Representative chemical systems showing color polymorphism

N-(4-methyl-2-nitrophenyl)acetamide

N-(4-methyl-2-nitrophenyl)acetamide (Fig. 2), also known as 4′-methyl-2′-nitroacetanilide, is a compound that exhibits color polymorphism, first reported in 1885, by Gattermann20. It is the first known example of a compound presenting this property. Gattermann first identified white and yellow crystals of the compound, while almost a century later, a third form, amber colored, was isolated and structurally characterized by Moore et al.21. In 1963, Skulski reported that the white and yellow polymorphs give rise to the same ultraviolet (UV) solution spectrum, but considerably different UV and infrared (IR) solid-state spectra17. Based on these later, he proposed that the white polymorph (stable, m.p. 95 °C) should present intermolecular hydrogen bonding, while the yellow polymorph (metastable, m.p. 93.5 °C) should, instead, exhibit intramolecular hydrogen bonds22.

This proposal was confirmed in 1983, when Moore, Yeadon, and Palmer solved the crystallographic structure of these two polymorphs23. These authors showed that the white crystals (tabular shaped, obtained by recrystallization in aqueous ethanol) are monoclinic (P21/c space group) and present strong C = OH–N intermolecular hydrogen bonds between adjacent molecules, which are identical and c-glide plane related, forming chains along the c direction. In this polymorph, the NH amide bond points toward the opposite direction relatively to the nitro substituent of the aromatic ring. On the other hand, the yellow crystals (filamentary shaped, obtained by light petroleum and carbon disulfide recrystallization) are triclinic (P\(\bar 1\)), showing two nonequivalent molecules, both exhibiting the NH amide bond pointing toward the nitro substituent with which a N–OH–N intramolecular hydrogen bond is established. The molecules form a columnar-type structure, with each column presenting only one of the two different molecular conformations existing in the crystal.

One year later, the same authors published16 the crystal structure of the amber polymorph (needle shaped, obtained by the partial evaporation of a hot solution: petrol containing about 10% v/v of carbon tetrachloride). The crystals are monoclinic (P21/c), with the molecules related to a c-glide axis and stacked along the c direction in a very distinct columnar form. The conformer present in this polymorph is the same present in the yellow form, and does also show a weak N–OH–N intramolecular hydrogen bond.

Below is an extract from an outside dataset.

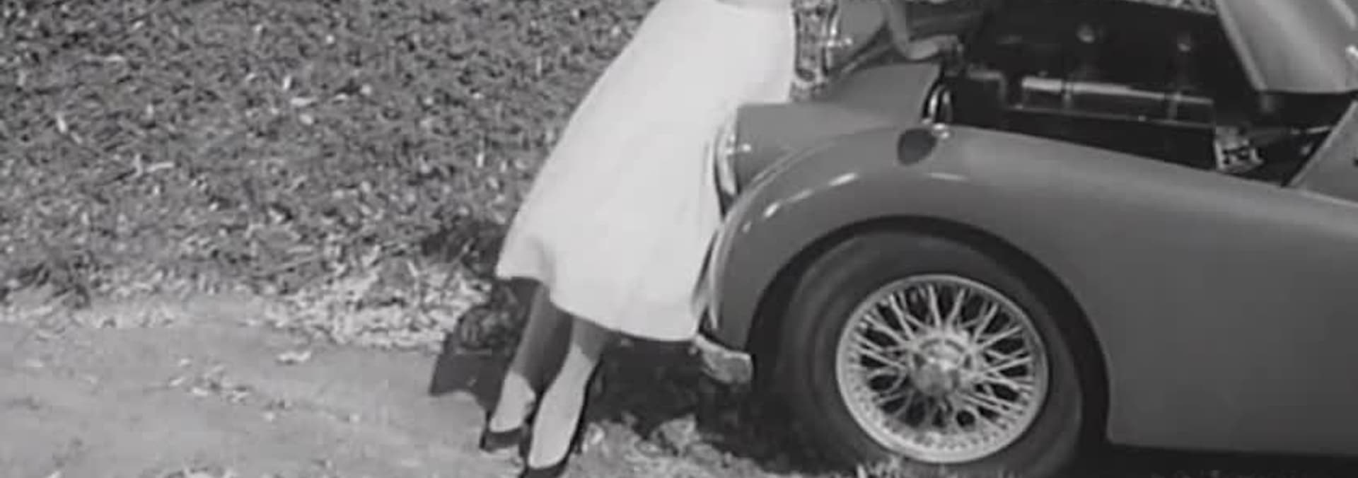A young man helps a beautiful, young woman who is stranded by the side of the road...her cars gas tank empty. He drives her to town to get gas and have a drink.

In 1986, Fletton et al. presented a study revealing the distinctive solid-state IR and the high-resolution solid-state nuclear magnetic resonance (NMR) spectra of the three polymorphs24, and more recently Krivoruchka et al.25,26 reported on the ability of N-(4-methyl-2-nitrophenyl)acetamide to form bifurcated hydrogen bond complexes with several different protophilic solvents (since solvation is not the theme of this paper, the specific structure of these complexes is not described here), thus confirming once again the flexibility of the molecule in relation to H-bonding.

To conclude, the N-(4-methyl-2-nitrophenyl)acetamide system is a paradigmatic example where color polymorphism is determined essentially either by packing (between yellow and amber forms) or conformational (between white and the other two forms) polymorphism.

Dimethyl 2,5-dichloro-3,6-dihydroxyterephthalate

Dimethyl 2,5-dichloro-3,6-dihydroxyterephthalate (Fig. 2), also referred to in the literature as dimethyl 3,6-dichloro-2,5-dihydroxyterephthalate, and its white and yellow polymorphic crystals were first reported by Hantzch, respectively, in 1908 and 191527,28. About 50 years later, Curtin and Byrn29 suggested, based on 35Cl nuclear quadrupole resonance and IR spectroscopic data, that in the yellow polymorph the molecules should exhibit two C = OH–O intramolecular hydrogen bonds involving the phenolic groups and the carbonyl moiety of the closest located carbomethoxyl substituents, while in the white form the intramolecular H bonds were suggested to be established with the chlorine atoms. They have also reported that a solid-state transformation of the yellow into the white crystals takes place at around 125 °C, and that the melting point of the latter is ca. 185 °C29.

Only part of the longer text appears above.